> _WHAT IS EXPECTED_: Exact copies of all the lines below are wanted, without a single picture.

> _INPUT DATA_:
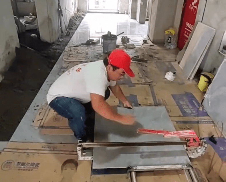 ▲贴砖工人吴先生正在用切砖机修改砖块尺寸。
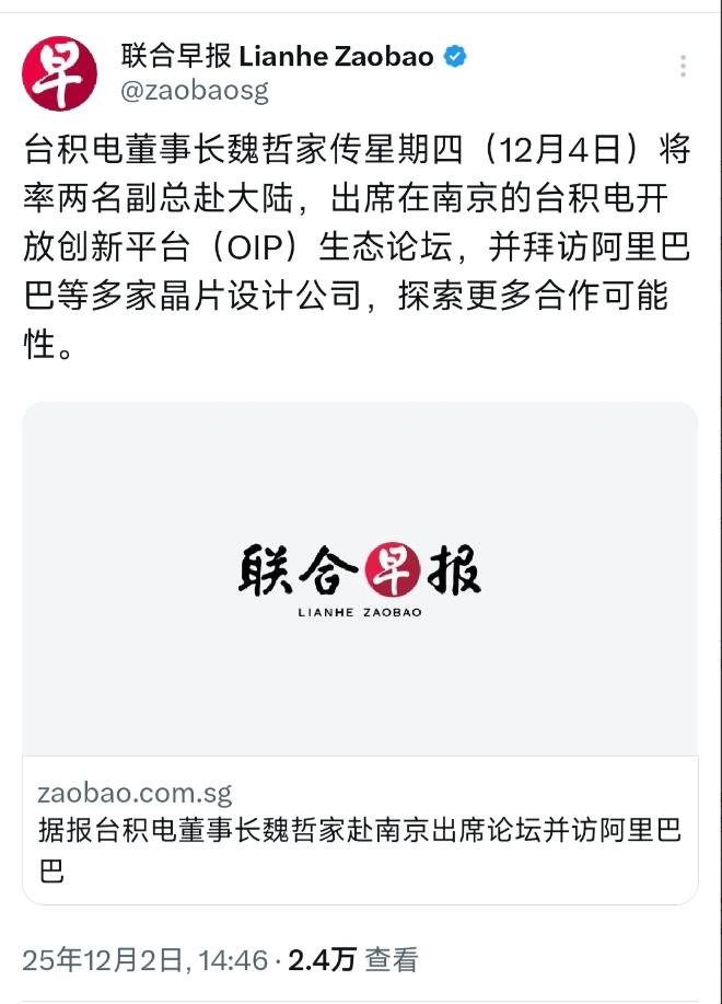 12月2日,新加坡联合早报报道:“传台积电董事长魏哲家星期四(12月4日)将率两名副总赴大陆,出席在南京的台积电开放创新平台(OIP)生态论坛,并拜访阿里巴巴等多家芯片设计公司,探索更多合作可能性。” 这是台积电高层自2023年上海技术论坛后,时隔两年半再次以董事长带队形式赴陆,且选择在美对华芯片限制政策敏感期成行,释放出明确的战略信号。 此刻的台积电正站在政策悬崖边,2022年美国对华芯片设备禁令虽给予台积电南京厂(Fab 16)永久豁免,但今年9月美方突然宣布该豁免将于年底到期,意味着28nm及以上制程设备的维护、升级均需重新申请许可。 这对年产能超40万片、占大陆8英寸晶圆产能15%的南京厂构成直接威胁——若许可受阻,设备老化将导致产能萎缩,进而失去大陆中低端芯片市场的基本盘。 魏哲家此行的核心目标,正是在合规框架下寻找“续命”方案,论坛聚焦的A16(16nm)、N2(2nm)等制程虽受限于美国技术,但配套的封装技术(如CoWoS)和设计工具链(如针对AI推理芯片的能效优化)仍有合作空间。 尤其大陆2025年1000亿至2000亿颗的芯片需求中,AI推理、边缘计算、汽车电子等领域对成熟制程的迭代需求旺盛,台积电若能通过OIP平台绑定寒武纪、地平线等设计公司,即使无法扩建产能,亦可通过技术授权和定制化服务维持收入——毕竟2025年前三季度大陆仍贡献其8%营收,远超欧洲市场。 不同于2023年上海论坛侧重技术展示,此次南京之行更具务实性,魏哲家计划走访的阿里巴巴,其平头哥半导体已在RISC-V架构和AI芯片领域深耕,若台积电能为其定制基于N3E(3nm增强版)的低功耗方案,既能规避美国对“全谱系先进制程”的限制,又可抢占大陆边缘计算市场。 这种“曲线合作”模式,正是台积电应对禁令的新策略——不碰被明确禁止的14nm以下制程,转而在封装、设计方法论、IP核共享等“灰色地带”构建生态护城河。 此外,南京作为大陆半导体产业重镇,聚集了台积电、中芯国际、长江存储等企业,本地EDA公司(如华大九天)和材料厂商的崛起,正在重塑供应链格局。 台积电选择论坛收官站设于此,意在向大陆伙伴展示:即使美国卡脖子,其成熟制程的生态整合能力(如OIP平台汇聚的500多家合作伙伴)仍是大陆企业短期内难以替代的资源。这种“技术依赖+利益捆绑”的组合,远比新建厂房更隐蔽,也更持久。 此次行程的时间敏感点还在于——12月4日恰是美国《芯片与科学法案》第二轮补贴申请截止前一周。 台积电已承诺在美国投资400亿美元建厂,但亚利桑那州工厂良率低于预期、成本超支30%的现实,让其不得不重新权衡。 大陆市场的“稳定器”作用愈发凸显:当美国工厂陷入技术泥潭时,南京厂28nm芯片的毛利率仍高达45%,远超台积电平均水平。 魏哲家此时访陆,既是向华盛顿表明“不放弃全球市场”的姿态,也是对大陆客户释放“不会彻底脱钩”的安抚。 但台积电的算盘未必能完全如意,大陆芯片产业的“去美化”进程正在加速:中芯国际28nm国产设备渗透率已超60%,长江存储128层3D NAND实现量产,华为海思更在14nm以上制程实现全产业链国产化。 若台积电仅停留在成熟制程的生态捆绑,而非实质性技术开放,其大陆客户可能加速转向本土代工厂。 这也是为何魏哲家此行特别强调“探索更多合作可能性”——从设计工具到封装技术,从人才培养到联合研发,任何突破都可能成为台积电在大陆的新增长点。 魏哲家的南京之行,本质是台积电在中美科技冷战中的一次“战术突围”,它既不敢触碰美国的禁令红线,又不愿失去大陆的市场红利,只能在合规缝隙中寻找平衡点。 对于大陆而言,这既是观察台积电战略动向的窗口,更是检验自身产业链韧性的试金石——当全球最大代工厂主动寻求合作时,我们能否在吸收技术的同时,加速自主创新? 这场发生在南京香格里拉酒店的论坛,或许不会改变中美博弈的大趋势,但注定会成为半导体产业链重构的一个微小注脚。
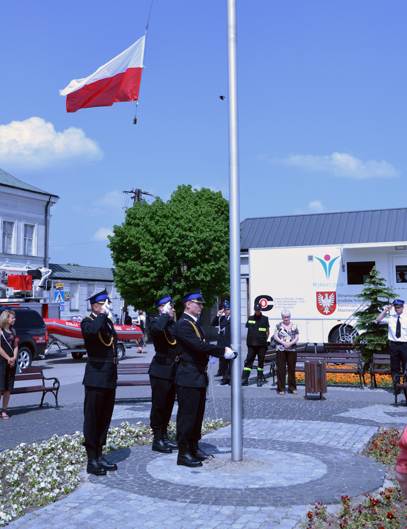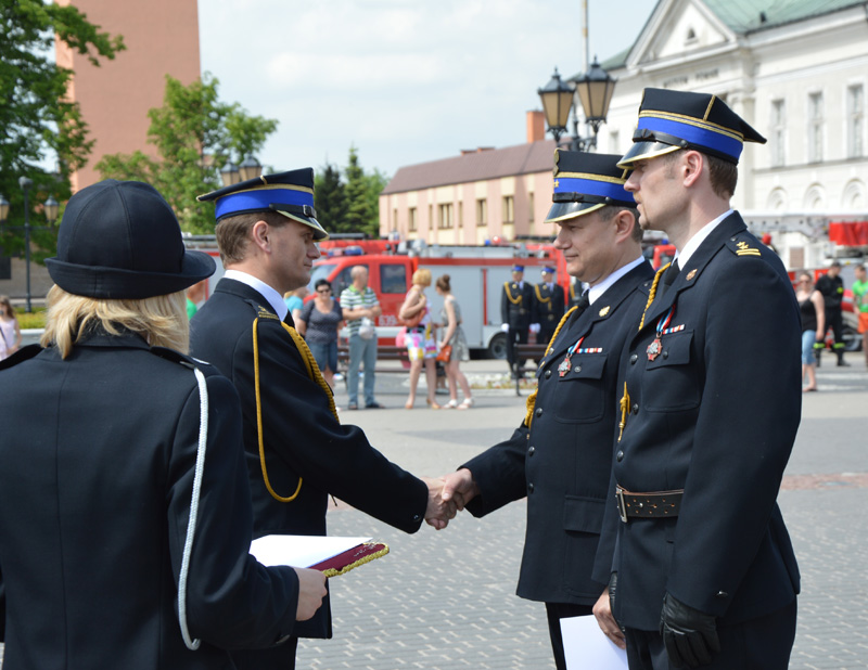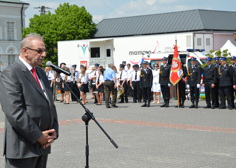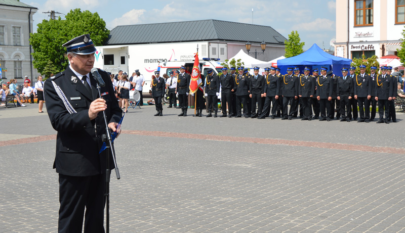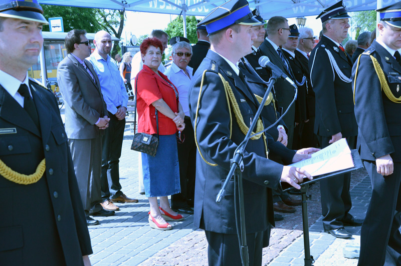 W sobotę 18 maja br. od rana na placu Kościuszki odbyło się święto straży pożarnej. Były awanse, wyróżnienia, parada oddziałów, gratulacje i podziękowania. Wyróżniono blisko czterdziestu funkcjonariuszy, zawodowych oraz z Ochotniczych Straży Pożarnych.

> _SOLUTION_:
 ▲贴砖工人吴先生正在用切砖机修改砖块尺寸。
 12月2日,新加坡联合早报报道:“传台积电董事长魏哲家星期四(12月4日)将率两名副总赴大陆,出席在南京的台积电开放创新平台(OIP)生态论坛,并拜访阿里巴巴等多家芯片设计公司,探索更多合作可能性。” 这是台积电高层自2023年上海技术论坛后,时隔两年半再次以董事长带队形式赴陆,且选择在美对华芯片限制政策敏感期成行,释放出明确的战略信号。 此刻的台积电正站在政策悬崖边,2022年美国对华芯片设备禁令虽给予台积电南京厂(Fab 16)永久豁免,但今年9月美方突然宣布该豁免将于年底到期,意味着28nm及以上制程设备的维护、升级均需重新申请许可。 这对年产能超40万片、占大陆8英寸晶圆产能15%的南京厂构成直接威胁——若许可受阻,设备老化将导致产能萎缩,进而失去大陆中低端芯片市场的基本盘。 魏哲家此行的核心目标,正是在合规框架下寻找“续命”方案,论坛聚焦的A16(16nm)、N2(2nm)等制程虽受限于美国技术,但配套的封装技术(如CoWoS)和设计工具链(如针对AI推理芯片的能效优化)仍有合作空间。 尤其大陆2025年1000亿至2000亿颗的芯片需求中,AI推理、边缘计算、汽车电子等领域对成熟制程的迭代需求旺盛,台积电若能通过OIP平台绑定寒武纪、地平线等设计公司,即使无法扩建产能,亦可通过技术授权和定制化服务维持收入——毕竟2025年前三季度大陆仍贡献其8%营收,远超欧洲市场。 不同于2023年上海论坛侧重技术展示,此次南京之行更具务实性,魏哲家计划走访的阿里巴巴,其平头哥半导体已在RISC-V架构和AI芯片领域深耕,若台积电能为其定制基于N3E(3nm增强版)的低功耗方案,既能规避美国对“全谱系先进制程”的限制,又可抢占大陆边缘计算市场。 这种“曲线合作”模式,正是台积电应对禁令的新策略——不碰被明确禁止的14nm以下制程,转而在封装、设计方法论、IP核共享等“灰色地带”构建生态护城河。 此外,南京作为大陆半导体产业重镇,聚集了台积电、中芯国际、长江存储等企业,本地EDA公司(如华大九天)和材料厂商的崛起,正在重塑供应链格局。 台积电选择论坛收官站设于此,意在向大陆伙伴展示:即使美国卡脖子,其成熟制程的生态整合能力(如OIP平台汇聚的500多家合作伙伴)仍是大陆企业短期内难以替代的资源。这种“技术依赖+利益捆绑”的组合,远比新建厂房更隐蔽,也更持久。 此次行程的时间敏感点还在于——12月4日恰是美国《芯片与科学法案》第二轮补贴申请截止前一周。 台积电已承诺在美国投资400亿美元建厂,但亚利桑那州工厂良率低于预期、成本超支30%的现实,让其不得不重新权衡。 大陆市场的“稳定器”作用愈发凸显:当美国工厂陷入技术泥潭时,南京厂28nm芯片的毛利率仍高达45%,远超台积电平均水平。 魏哲家此时访陆,既是向华盛顿表明“不放弃全球市场”的姿态,也是对大陆客户释放“不会彻底脱钩”的安抚。 但台积电的算盘未必能完全如意,大陆芯片产业的“去美化”进程正在加速:中芯国际28nm国产设备渗透率已超60%,长江存储128层3D NAND实现量产,华为海思更在14nm以上制程实现全产业链国产化。 若台积电仅停留在成熟制程的生态捆绑,而非实质性技术开放,其大陆客户可能加速转向本土代工厂。 这也是为何魏哲家此行特别强调“探索更多合作可能性”——从设计工具到封装技术,从人才培养到联合研发,任何突破都可能成为台积电在大陆的新增长点。 魏哲家的南京之行,本质是台积电在中美科技冷战中的一次“战术突围”,它既不敢触碰美国的禁令红线,又不愿失去大陆的市场红利,只能在合规缝隙中寻找平衡点。 对于大陆而言,这既是观察台积电战略动向的窗口,更是检验自身产业链韧性的试金石——当全球最大代工厂主动寻求合作时,我们能否在吸收技术的同时,加速自主创新? 这场发生在南京香格里拉酒店的论坛,或许不会改变中美博弈的大趋势,但注定会成为半导体产业链重构的一个微小注脚。
 W sobotę 18 maja br. od rana na placu Kościuszki odbyło się święto straży pożarnej. Były awanse, wyróżnienia, parada oddziałów, gratulacje i podziękowania. Wyróżniono blisko czterdziestu funkcjonariuszy, zawodowych oraz z Ochotniczych Straży Pożarnych.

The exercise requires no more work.